───…その日から。
あたしはその日記に、毎日想いを綴っていた。
───────────
“7月3日
今日もまたいじめられた。
でももう少し頑張ったら夏休み。
それまで頑張りたいと思う。”
“7月8日
今日はいい天気。
ちょっとだけ空を見上げた。”
“7月10日
元気付けるために、ご飯張り切って好きなもの作った。
……野菜少ない(笑)”
“7月19日
TVから歌が流れてた。
朝岡さんを思い出してしまった。”
“7月20日
朝岡さんは元気かな。
あたしは元気じゃないけど、あの人が少しでも笑っていてくれたらいいなと思う。”
“7月21日
音楽番組を見たり、歌を聞いたりすると、どうしても朝岡さんを思い出しちゃう。”
“7月23日
朝岡さんは今日も歌ってる?
その歌声で、誰かを救ったり、励ましたりしてるのかな。
あたしも、もう一回朝岡さんの歌聞きたい。
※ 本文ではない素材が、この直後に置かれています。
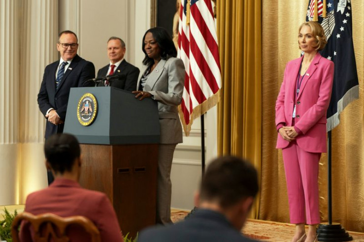 US-Präsidentin Danielle Sutton (Viola Davis) spricht bei einer Pressekonferenz zu Journalisten.
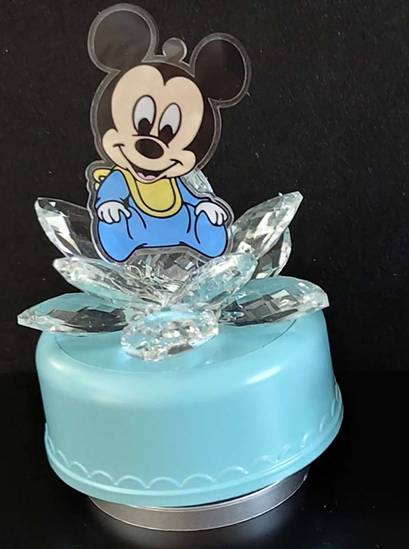 Bomboniera carillon con fiore in cristallo con Topolino completa di confezione
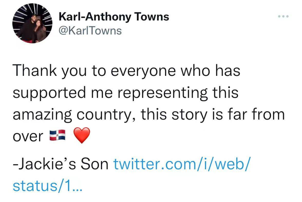 多米尼加球员唐斯在社媒上写道:“感谢每一位支持我代表这个神奇的国家的人,故事还远未结束。”
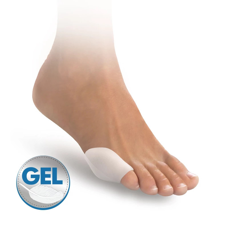 A védő puha gélből készült, kisujjra húzható gyűrűs kialakítással. Megóvja a kisujj ízületének kitüremkedéseit és a nyomáspontokat, enyhíti a cipővel való érintkezés okozta fájdalmas súrlódást. Anatómiai formájú kialakítás. A helyes pozíció rögzítése harisnya vagy zokni viselésével javasolt.
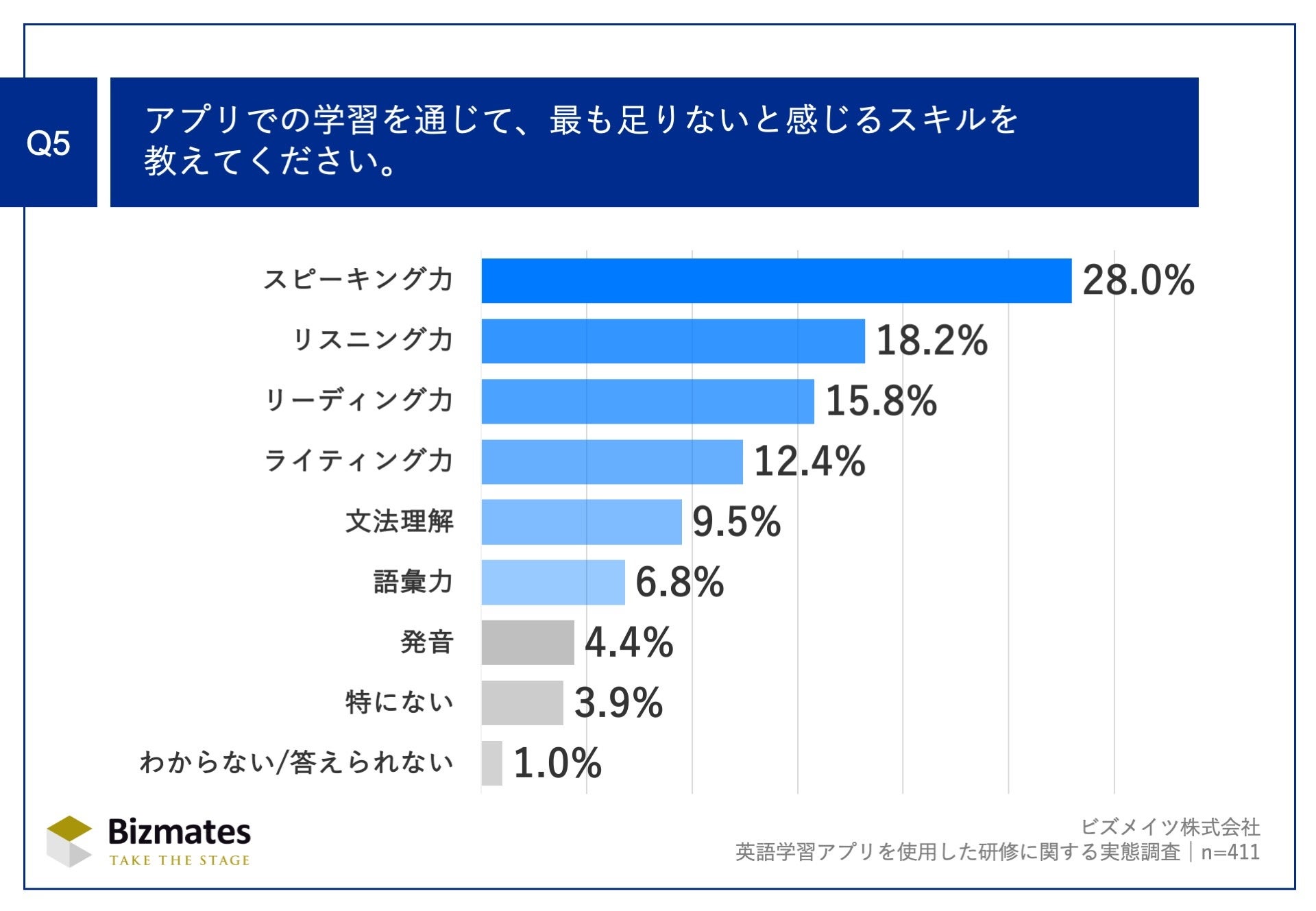 「Q5.アプリでの学習を通じて、最も足りないと感じるスキルを教えてください。」(n=411)と質問したところ、「スピーキング力」が28.0%、「リスニング力」が18.2%、「リーディング力」が15.8%という回答となりました。
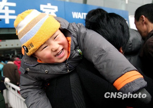 1月31日是2010年春运的第二天,在异乡打工的人们陆续开始返乡旅程,南京火车站里,许多返乡的旅客满怀回家的喜悦。中新社发 钟山 摄
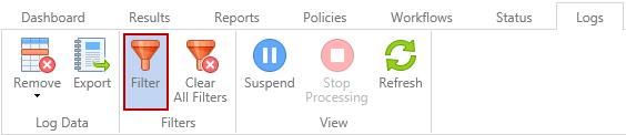 - To restrict the Logs View via the Filter button.
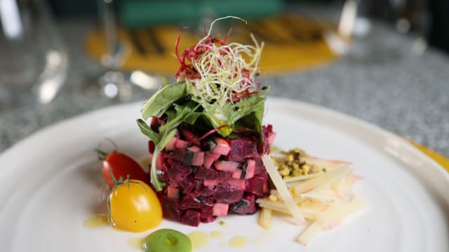 Brunois di rapa rossa e zucchine, misticanza di campo, pistacchi di bronte tostati, lamelle di grana padana DOP, mayo, tabasco, senape, salsa worcester, frutta di stagione
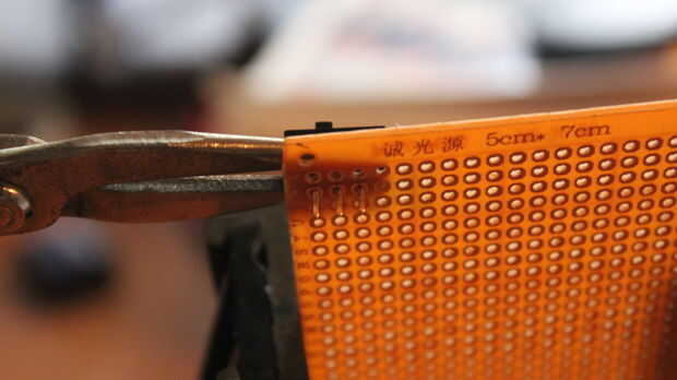 - Comencé por soldar el interruptor situado en la orilla recordando a saltar un agujero para los cables de la batería de 9v. La soldadura debería verse como volcanes brillantes. Otra cosa que eso y posiblemente es un empalme frío, lo que significa que no está conectado eléctricamente. Tocar la plancha para el plomo a calentar y añade la soldadura.
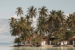 Ca. 220 m x 230 m große, fast kreisrunde Insel mit puderzuckerfeinem Sandstrand und tropischer Vegetation

”
───────────
───…そこでは、何を書いても許された。
書いてる間、あたしはあたしらしくいれた。
気持ちを書いたら少し楽になった。
明日は何書こうかな、
何書いてるのかな、
……なんて、“明日”を少しだけ考えられた。
“日記”にしか居場所は見つけられなかったけど。
きっと他人からしたら、
“寂しい人間”って思われちゃうかな?
けれど、あたしには唯一の居場所だった。
───“鍵付き”だけど。
今日もまた太陽は沈み、夜がやって来る。
「……頑張ろ~……っと」
────カチャ。
パタン────…
……あたしはあれからずっと働いていた。
コンビニ、ウェイトレス、歯医者。
暇を見つけては、レンタルビデオ屋にも行っていた。
掛け持ちは大変だったけど……。
一人で部屋に閉じ込もって、泣いて朝を待つよりは、働いてる方がよっぽど良かった。
こっちの方が、よけいな事考えなくていい。
悲しい事も思い出したりしなくていいから。
こうしていれば、いつか───……
いつかきっと、朝岡さんの事も忘れられる。